Frank O'Brien
- Full name: Frank William Hall O'Brien
- Born: 19 July 1910 Lindfield, Sydney, Australia
- Died: 23 December 1984 (aged 74)

Rugby union career
- Position: Wing

International career
- Years: Team / Apps / (Points)
- 1937–38: Australia / 2 / (3)

= Frank O'Brien (rugby union) =

Rugby player (1910–1984)

Frank William Hall O'Brien (19 July 1910 — 23 December 1984) was an Australian rugby union international.

Born in Sydney, O'Brien was gifted in several sports in his youth. While attending North Sydney Boys High School, he had three years in the 1st XV rugby and 1st XI cricket teams, before transferring to Sydney Grammar School for his final year.

O'Brien was a five-time New South Wales state pentathlon champion and in 1932 won a national title for the 440 yard sprint, beating 1930 British Empire Games bronze medallist George Golding.

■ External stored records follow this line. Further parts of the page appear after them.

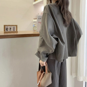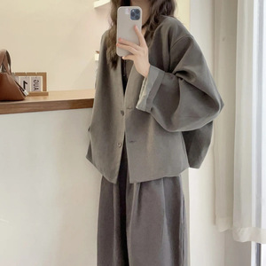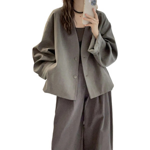 长袖V字领宽松时尚外套女2025秋季英伦风纯色通勤百搭开衫上衣潮
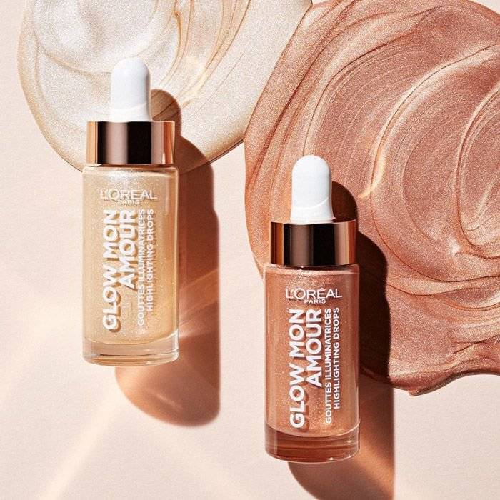Основной косметический продукт, необходимый для создания эффекта сияния на коже — это хайлайтер. Есть сухие и жидкие. Выбираем второй вариант, поскольку он больше подходит для создания нужного глянцевого эффекта на коже. Подходящий продукт есть в брендах L’Oreal Paris, Vivienne Sabo, NYX, Oriflame и т.д.
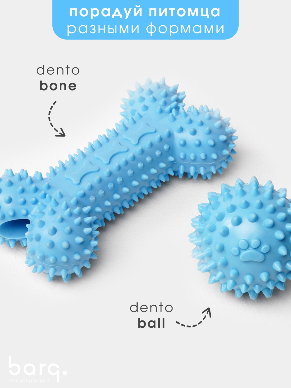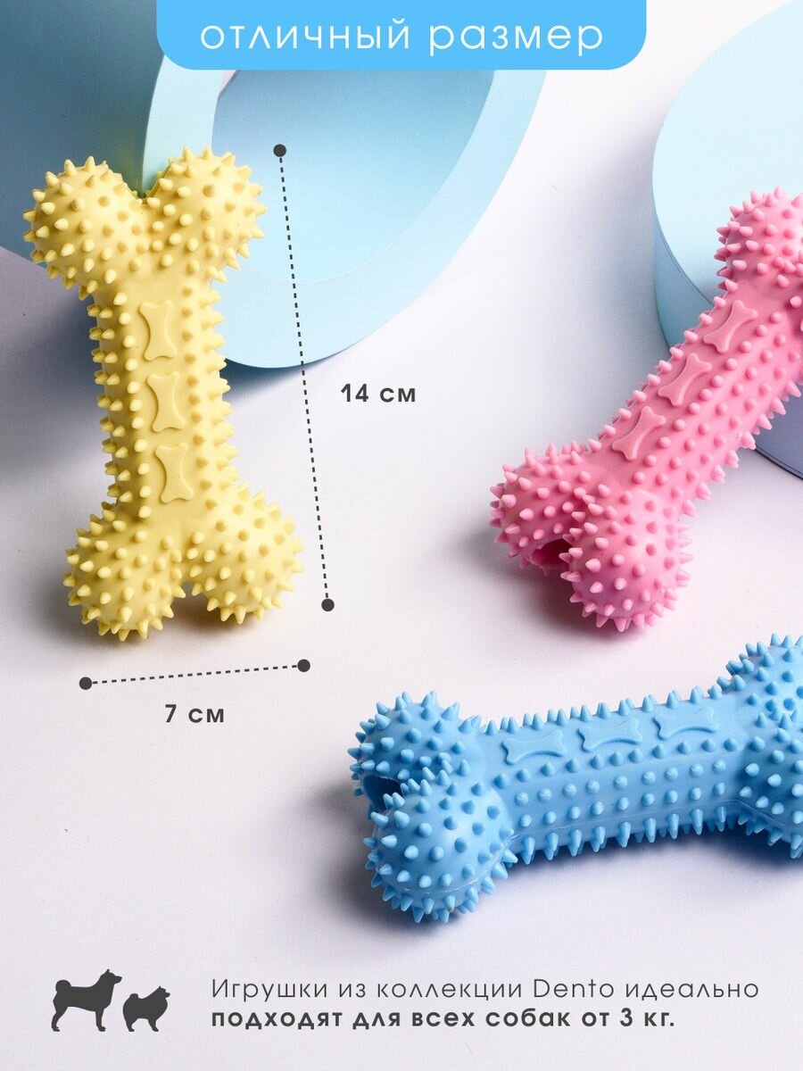Линейка игрушек Dento имеет пупырчатую поверхность, за счет чего при игре у Вашего питомца массируются десны и чистятся зубы.
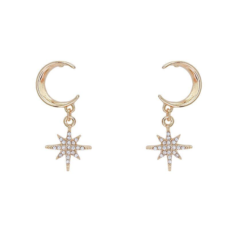 SシルバーニードルムーンピアススターピアスイヤリングEHEEHE
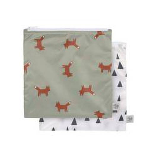 La bossa d'aperitius LÄSSIG amb cremallera i reutilitzable sense BPA amb disseny Fox és pràctica i sostenible. El paquet doble és ideal per emmagatzemar entrepans, fruites, verdures i galetes.
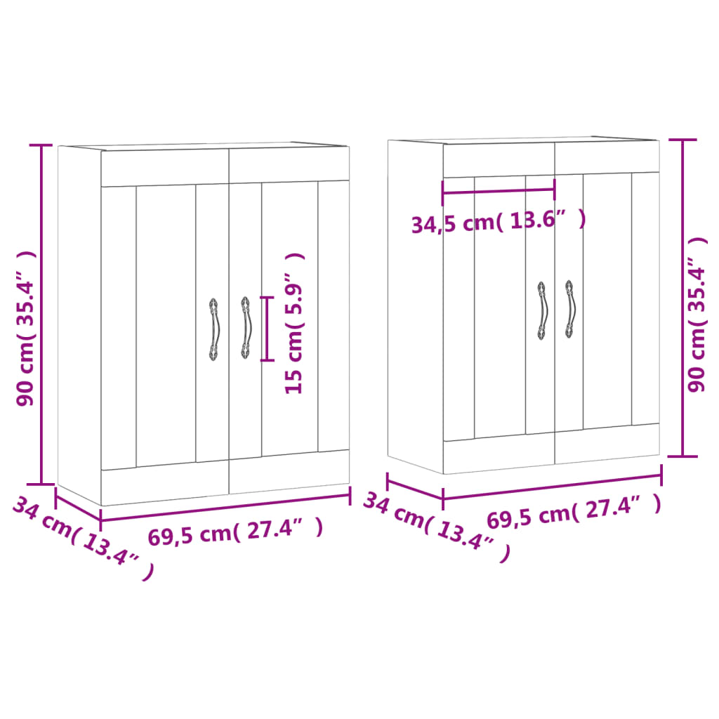 - Διαστάσεις (έκαστο): 69,5 x 34 x 90 εκ. (Π x Β x Υ)
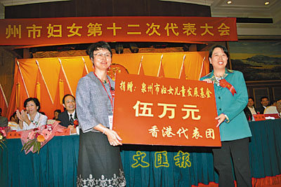 ■黃少玉(左)代表香港代表團捐資五萬元,周真平代接受。
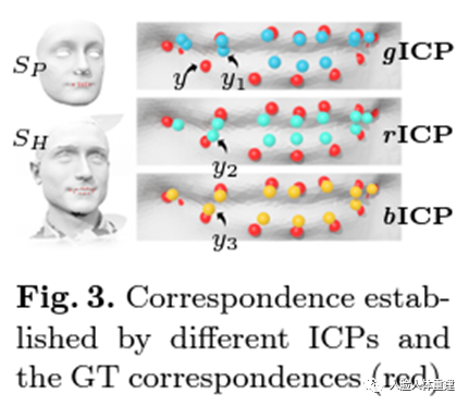 通过本文提出的评价流程,我们能够建立语义信息更一致的对应关系,从而提升最终评价结果的可靠性。直观而言,如图所示,对于ground-truth scan嘴部区域的关键点,我们分别比较了predicted mesh使用先前的对齐方法(gICP),以及本文提出的基于区域的对齐方法(rICP)以及基于形变的关键点更新策略(bICP)在ground-truth scan上找到的对应点与真实的嘴部关键点的差异,可以发现,我们的方法建立的关键点与真实的关键点更加接近,因此这时的误差最能体现真实的相似性。

A winger, O'Brien won a first-grade rugby premiership with Northern Suburbs in 1935 and the following year joined Gordon for the club's debut Shute Shield season. After scoring two tries for New South Wales against the touring Springboks in 1937, he earned a Wallabies call up for the 2nd Test and scored a try on debut, becoming Gordon's first international representative. He was capped a second time in a Test against the All Blacks at the Sydney Cricket Ground in 1938.